# packaging?



## JohnK and Sheri (Nov 28, 2004)

Packaging is expensive, and especially so if you try to avoid plastic. I am always interested in ideas for packaging that are low cost. People are buying the product and many aren't interested in paying extra for nice packaging, unfortunately. I sell many candles by people just picking them up from where they sit on the shelf, unpackaged. No extra packaging for me to buy or them to throw away.
Shredded paper is nice but it certainly adds to the end cost of the product, is heavier than bubble wrap for shipping and ultimately ends up in the landfill as well. I have little white stock paper boxes which can be stuffed with shredded kraft paper for filling and protection. Some have windows where you can see the candles, the windows are plastic, of course. They are relatively expensive. I have also used corrugated paper as wrapping and protection. 
Shredded kraft paper inside little kraft bags is lovely but expensive, for individual candles. 
Wrapping your candles in a thin cotton material and tying with cloth ribbon or twine makes a homey and attractive package.
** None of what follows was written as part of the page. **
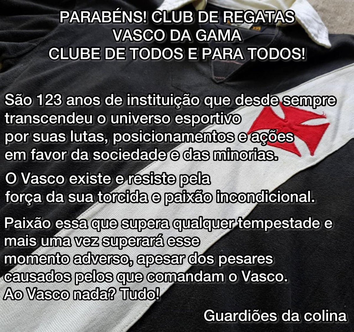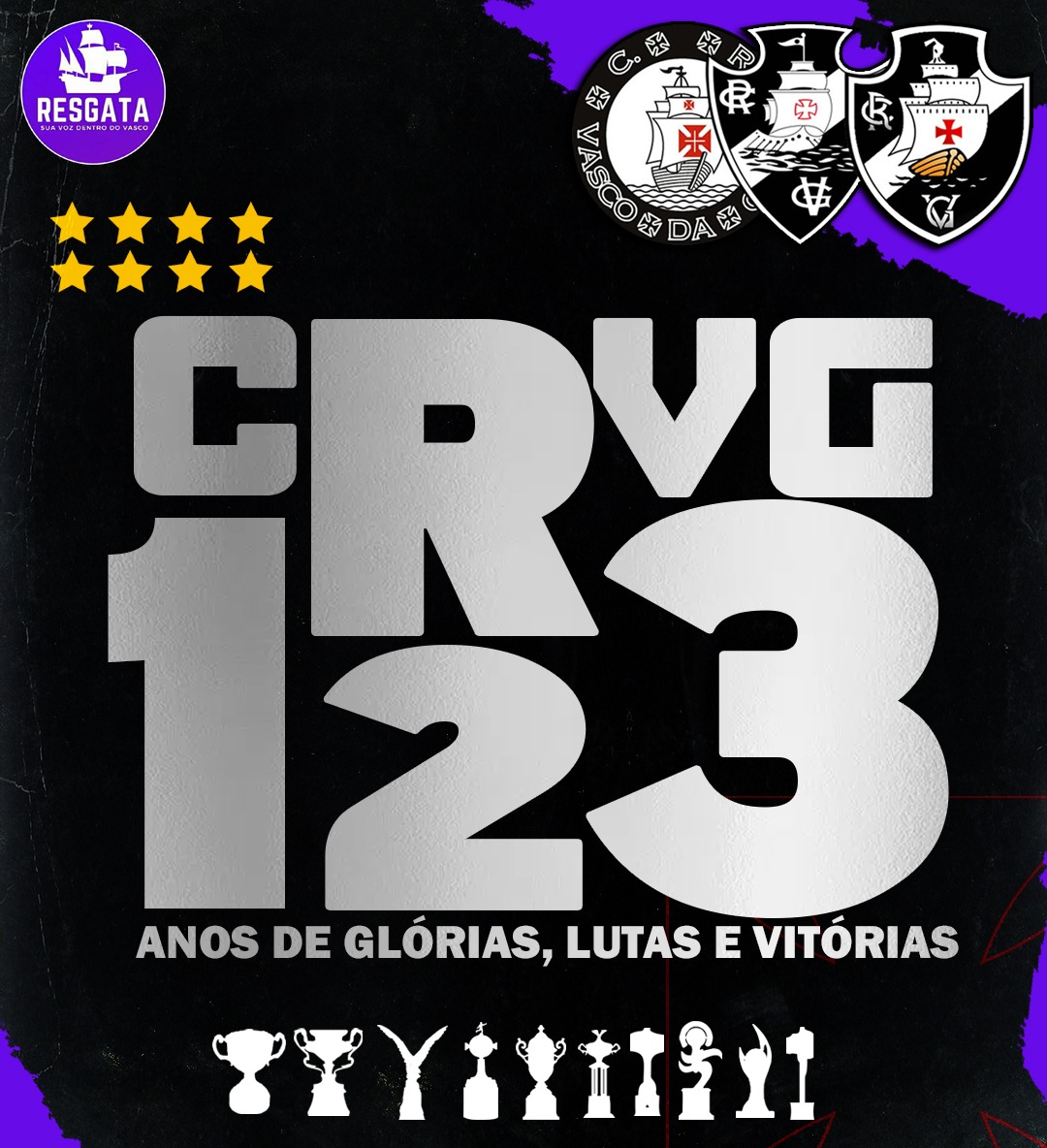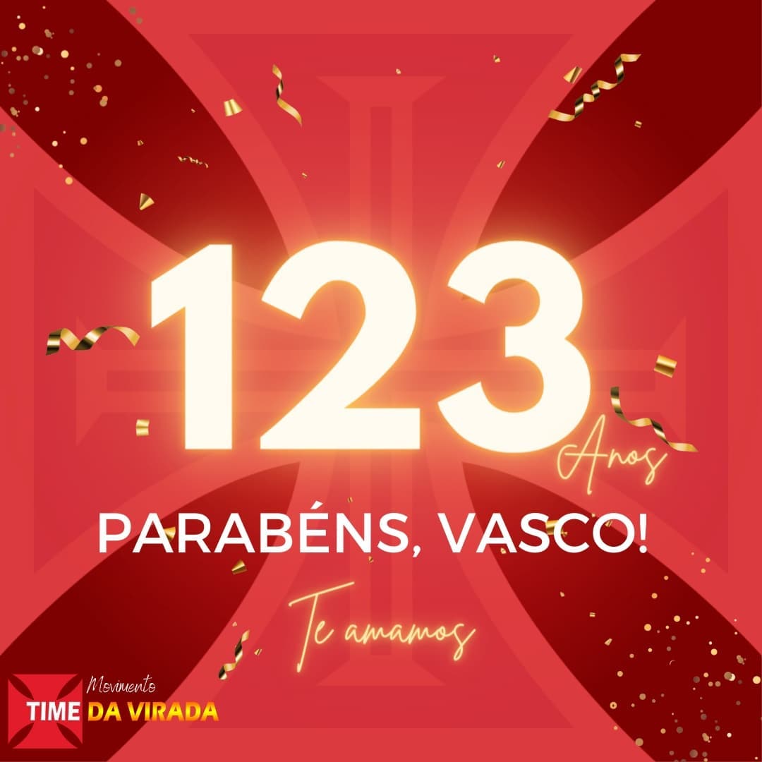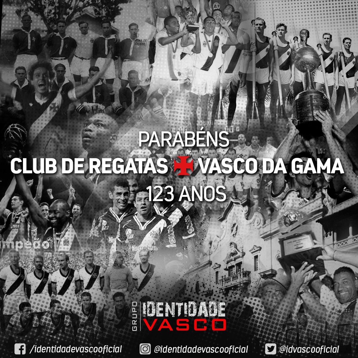 Parabéns GIGANTE! São 123 anos com a história mais bonita não só do futebol, mas de qualquer instituição. De muitas vitórias, títulos e defesa do real sentido do que é ser diferente para a sociedade. O VASCO É e SEMPRE SERÁ GIGANTE! Não só pelas 4 linhas, mas pelos triunfos HISTÓRICOS.

Change the type of fabric and ribbon to change the style of the presentation from casual to fancy or create a holiday or special occasion theme. 
Tissue paper can be used, much like your foundation paper.
For soaps I have seen people use wax paper or parchment paper to wrap their soaps. Again, fabric can be nice.
Plastic has the advantage in packaging that you can see though it. I sometimes use thin plastic tubing for multiples of taper candles which are wrapped together with cloth or paper and raffia ribbon. I cut the plastic tubing to length then tie the top of the plastic shut with a ribbon or with twine. It is low cost, keeps the candles clean plus displays them all at the same time. Yeah, it is plastic...but works well for the purpose.
Sheri


----------



## kc in wv (Feb 1, 2006)

I know what I do isn't pretty but it adds to the home made look. I take the snack size ziplock bags to put my candles in. Then I take my lable and fold it over the bag at the ziplock. That way they see my label and candlle warning.

When I sale at a fair I set the candles out and when the customer buys it I then put it in the ziplock.

I have always given my candles away until this. When I started looking at taper boxes they were almost $1 each for the short tapers.


----------